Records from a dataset
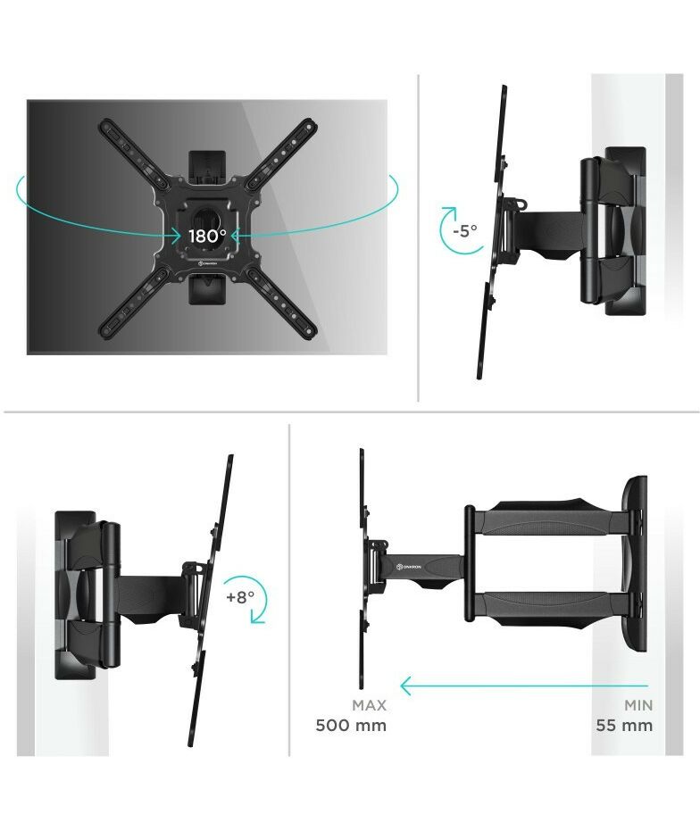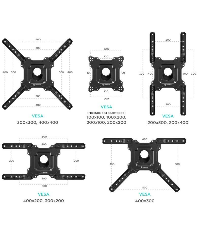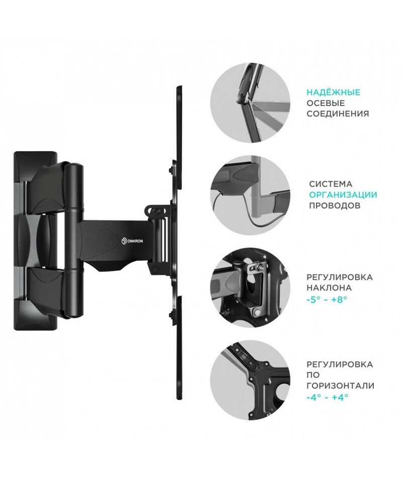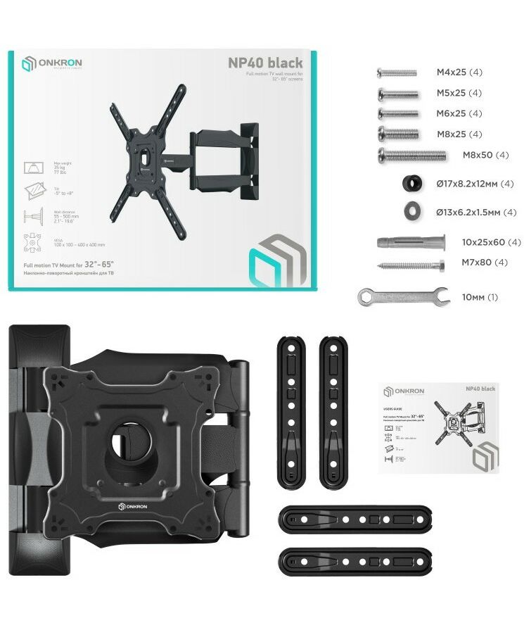 - Настенный наклонно-поворотный кронштейн ONKRON NP40 в черном цвете предназначен для дисплеев с диагональю от 32 до 65 дюймов (81,28 - 165,1 см)
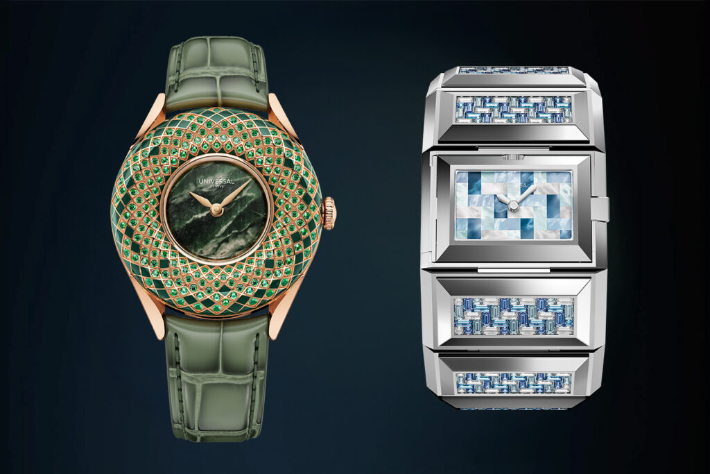 Estas piezas forman parte de una colección de firma de tiempo limitado, junto a lo que Universal Genève denomina la colección couture, compuesta esencialmente por piezas de alta joyería con esmeraldas, zafiros, rubíes y, por supuesto, diamantes.
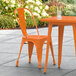 This chair is made of durable steel and coated to withstand years of use. The vibrant amber-orange color adds a fun, colorful touch to any setting and is sure to be a contemporary design choice that guests love. Comfortable and stylish, this strong yet lightweight chair is an excellent choice for your indoor or outdoor dining area. To save time and hassle, this chair ships fully assembled.
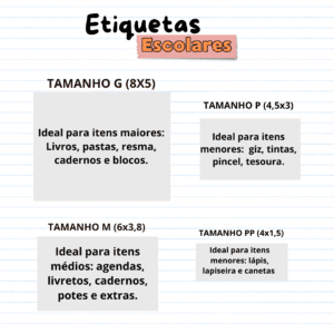Faça da volta às aulas um momento especial! Adquira agora o Kit Escolar Personalizado e proporcione às crianças uma experiência única e cheia de estilo.Garanta a organização do material escolar do seu pequeno com nosso Kit de Etiquetas Escolares! Feitas em papel fotográfico de alta qualidade, nossas etiquetas são a escolha perfeita para personalizar os pertences da criançada
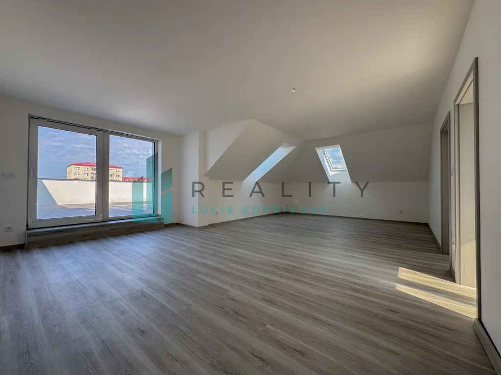 Hledáte bydlení, které vám vyrazí dech? Tento nadstandardní podkrovní byt v nově zkolaudované Rezidenci Grůska ve Strážnici nabízí něco, co jinde nenajdete: obrovskou terasu o rozloze 57,65 m². To je prostor odpovídající menšímu bytu 2+kk, který máte jen pro sebe pod širým nebem.
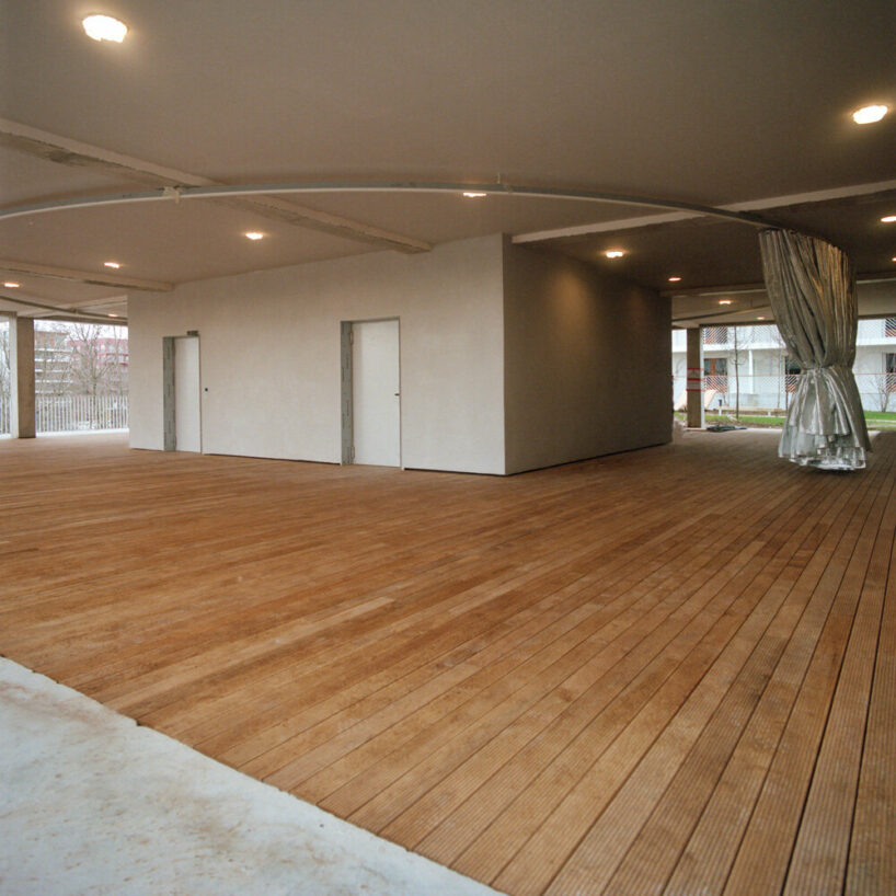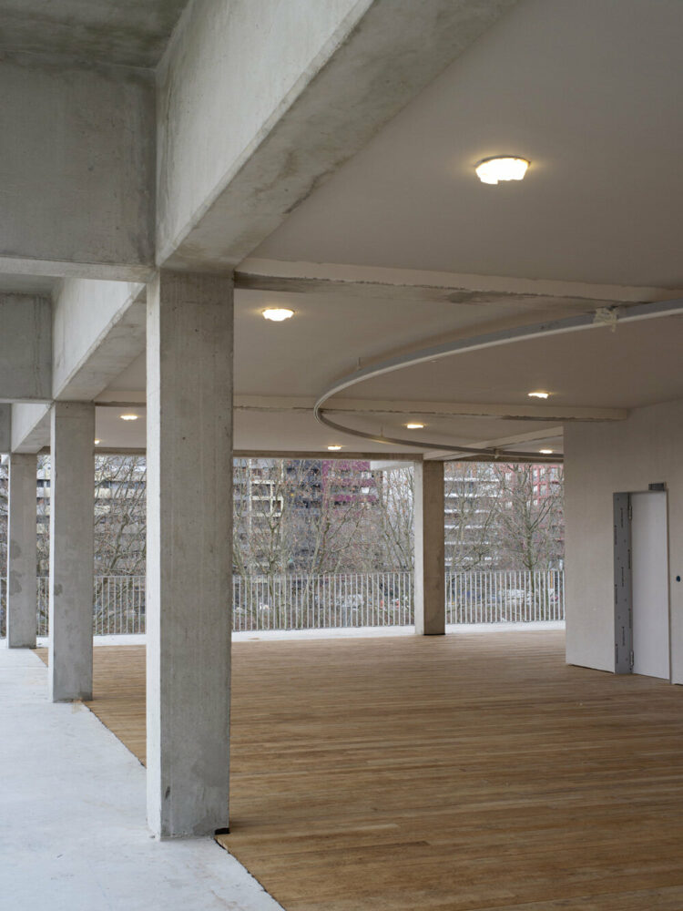 Lot D, known as ‘Les Quinconces’ for its urban layout, primarily features a variety of residential units, including family homes, duplexes, triplexes, penthouses, townhouses, and patios. It also offers a diverse range of youth and sports facilities. This programming by uapS Agency addresses diversity and integration issues within a socially disadvantaged area. ‘Les Quinconces’ serves as a model of social inclusion, emphasizing universal accessibility, low-carbon construction, and environmental sustainability. Its integration with a nearby forest facilitates gravity-based water management and biodiversity enhancement.
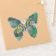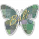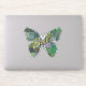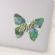 Maßgeschneiderter Vinyl-Aufkleber mit einem Patchwork-Batik-Schmetterling in verschiedenen Druckfarben und Farbtönen grün mit ein wenig lila. "Bali" wird in Goldschrift darüber gedruckt. Sehen Sie sich die gesamte Bali Retreat-Aufklebersammlung im INVITES an. | Aufkleber
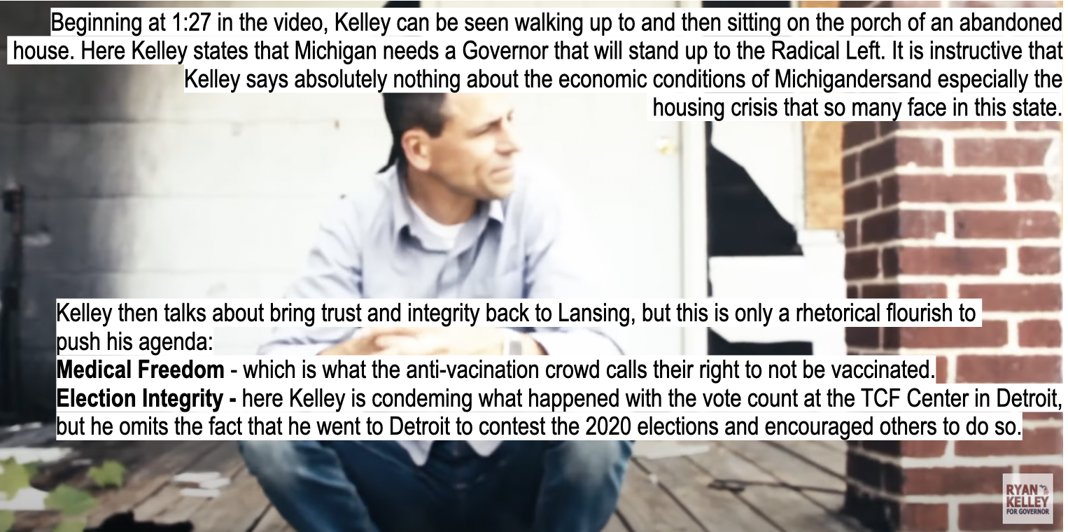 Like all political ads, Kelley uses vague rhetoric and appeals to traditional conservative values. However, Kelley also uses lots of misinformation, unsubstantiated claims and a great deal of fear-mongering, all of which have become the norm with political ads. More importantly, Kelley offers no concrete plans for what he would do that would actually benefit the majority of Michigan residents, specifically around economic policy, public health, the environment and housing.

What needs to be done -
Any pictures are to be skipped, and the lines from the beginning of the entries through the line with "Faça da volta" copied exactly.

Exercise output -
 - Настенный наклонно-поворотный кронштейн ONKRON NP40 в черном цвете предназначен для дисплеев с диагональю от 32 до 65 дюймов (81,28 - 165,1 см)
 Estas piezas forman parte de una colección de firma de tiempo limitado, junto a lo que Universal Genève denomina la colección couture, compuesta esencialmente por piezas de alta joyería con esmeraldas, zafiros, rubíes y, por supuesto, diamantes.
 This chair is made of durable steel and coated to withstand years of use. The vibrant amber-orange color adds a fun, colorful touch to any setting and is sure to be a contemporary design choice that guests love. Comfortable and stylish, this strong yet lightweight chair is an excellent choice for your indoor or outdoor dining area. To save time and hassle, this chair ships fully assembled.
Faça da volta às aulas um momento especial! Adquira agora o Kit Escolar Personalizado e proporcione às crianças uma experiência única e cheia de estilo.Garanta a organização do material escolar do seu pequeno com nosso Kit de Etiquetas Escolares! Feitas em papel fotográfico de alta qualidade, nossas etiquetas são a escolha perfeita para personalizar os pertences da criançada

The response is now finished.